# Why a ship can't pass through its own wave?

This is a photo of a container vessel. All container vessels are long because they are cruising at high speeds.

When a ship is sailing it creates waves. When the wavelength of these waves equal the length of the ship, the resistance that the ship encounters increases dramatically. This phenomenon is called " wave wall"

I have two questions:

1) Why this phenomenon occurs when the wavelength of the wave and the length of the ship become equal?

2) Why a ship can't pass through its own wave?

• For future reference, please don't include more than one question per post. Apr 22, 2016 at 13:37

This wikipedia article is written like the perfect answer to your question:

https://en.wikipedia.org/wiki/Hull_speed

Question 1: When the wavelength of the bow wave is equal to the length of the ship, the bow wave interferes constructively with the stern wave, causing taller waves in the wake and thus more energy radiated in the waves and more drag.

Question 2: This effect is not a hard "speed limit" at all. In fact, compared with the sound barrier at Mach 1 in aerodynamics, it is hardly noticeable. The drag continues to increase above the hull speed, with only a modest bump in the trend for most common boat hull shapes.

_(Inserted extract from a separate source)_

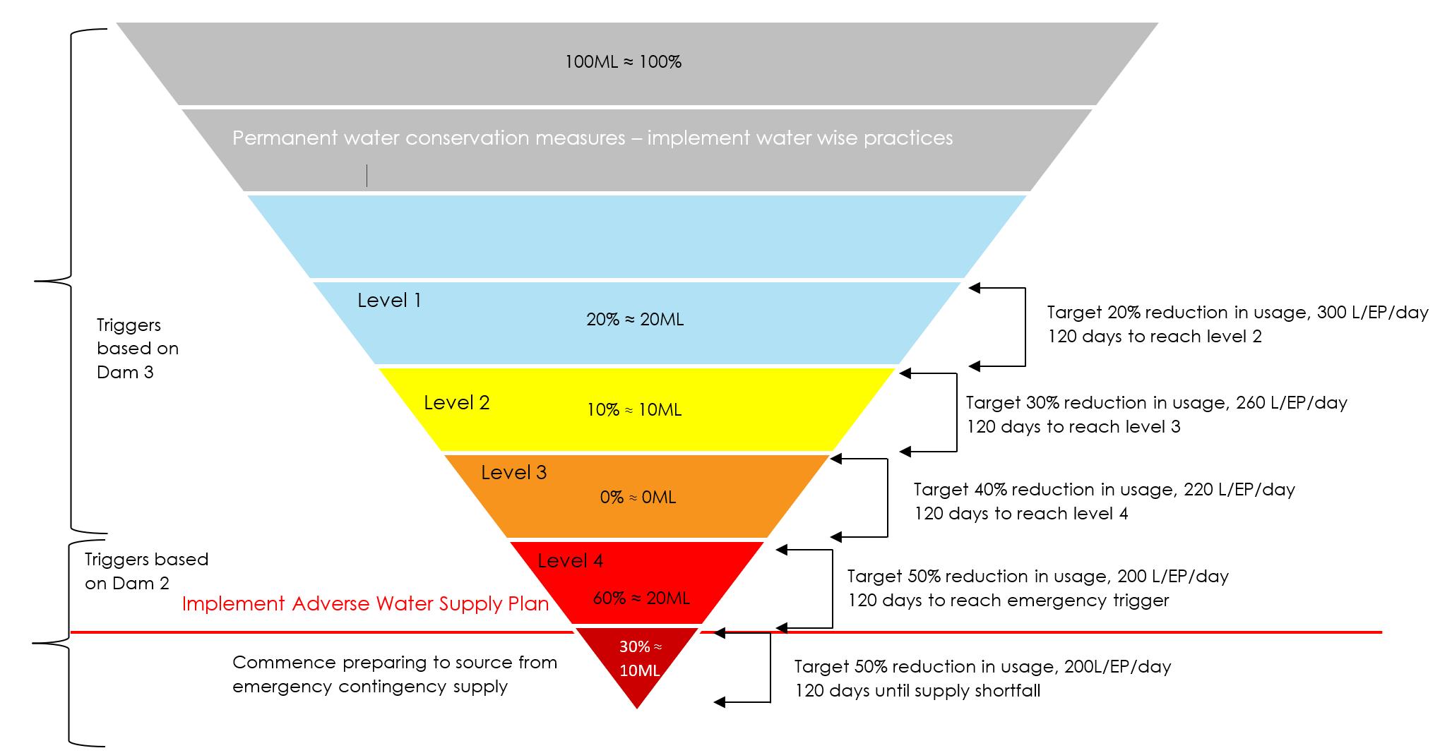 Target 50% reduction in usage, 200 L/EP/day 120 days between level 4 and emergency

• You should be a little more specific in your reference and state whether you are copying verbatim text from Wikipedia or if you are rephrasing statements. Apr 20, 2016 at 15:49
• I paraphrased, as anyone can check by looking at the wikipedia article in question. If I had been quoting, I would have used one of the many accepted formatting methods to indicate direct quotation, none of which are used in my answer. Thank you for the reminder, though. These comments can serve as clarification for anyone else who is unsure. Apr 20, 2016 at 21:40

The concept of hull speed is not used in modern naval architecture, where considerations of speed-length ratio or Froude number are considered more helpful.

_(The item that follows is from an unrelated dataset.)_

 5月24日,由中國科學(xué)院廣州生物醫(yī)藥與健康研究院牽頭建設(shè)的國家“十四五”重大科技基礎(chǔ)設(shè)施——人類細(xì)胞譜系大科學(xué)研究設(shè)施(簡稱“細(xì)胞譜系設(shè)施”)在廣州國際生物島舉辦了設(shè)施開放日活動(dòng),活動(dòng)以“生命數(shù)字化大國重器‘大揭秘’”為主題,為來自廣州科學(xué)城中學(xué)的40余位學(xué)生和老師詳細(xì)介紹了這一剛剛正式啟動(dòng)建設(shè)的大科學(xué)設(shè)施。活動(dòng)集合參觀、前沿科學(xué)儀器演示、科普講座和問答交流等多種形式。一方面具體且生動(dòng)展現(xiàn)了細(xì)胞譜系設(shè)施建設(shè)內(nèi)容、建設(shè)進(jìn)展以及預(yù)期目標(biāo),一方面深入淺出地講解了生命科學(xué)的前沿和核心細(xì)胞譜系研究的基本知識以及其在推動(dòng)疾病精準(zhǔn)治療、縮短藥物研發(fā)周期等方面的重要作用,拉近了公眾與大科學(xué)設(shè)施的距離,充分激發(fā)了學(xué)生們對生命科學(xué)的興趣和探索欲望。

1) Why this phenomenon occurs when the wavelength of the wave and the length of the ship become equal?

Because you are trying to add more "inertia" than the "external field" (mostly Gravity) can absorb. This leads to the effect explained by the comments of John Forkosh; to ship starts also to try to "get over with gravity". Adding further inertia would lift the ship and as this lifting energy is mostly dissipated by wave creation, it just causes more losses. In ideal theoretical case this "lifting" would only cause some potential energy to be "lost" until it's recovered when the ship stops. But as in the reality the ship starts an infinite climb, the losses are extreme; up to 5-10 times more than in optimum.

But this Lifiting explanation is just a simplification. (As my posts are commonly deleted here, if I don't simplify.. ) As this aspect also works with airplanes and submarines! So what actually happens, is that the ship starts to transport also the surrounding fluid. These fluids adds the total transported mass of the vessel, and it's flows adds losses. The bulbous bow is an example how by adding more on the hull, the drag can be reduced up to 15%. The main reason why this "bulb" is good, is just the flow stability it provides when the ship is running on max speed. (Froude =1)

2) Why a ship can't pass through its own wave?

The only problem is the lack of engine power. As said above, it need's 5-10 time more power to lift up the boat to planing than is needed to just cruise in Froude number 1 speed. Ie. Emma Maersk has an 81 MW propulsion power. So do the math, and find out that it would need a 400-800 MW power source to get higher speed. This is about the amount of typical nuclear Powerplant. So it's possible, it's just not realistic.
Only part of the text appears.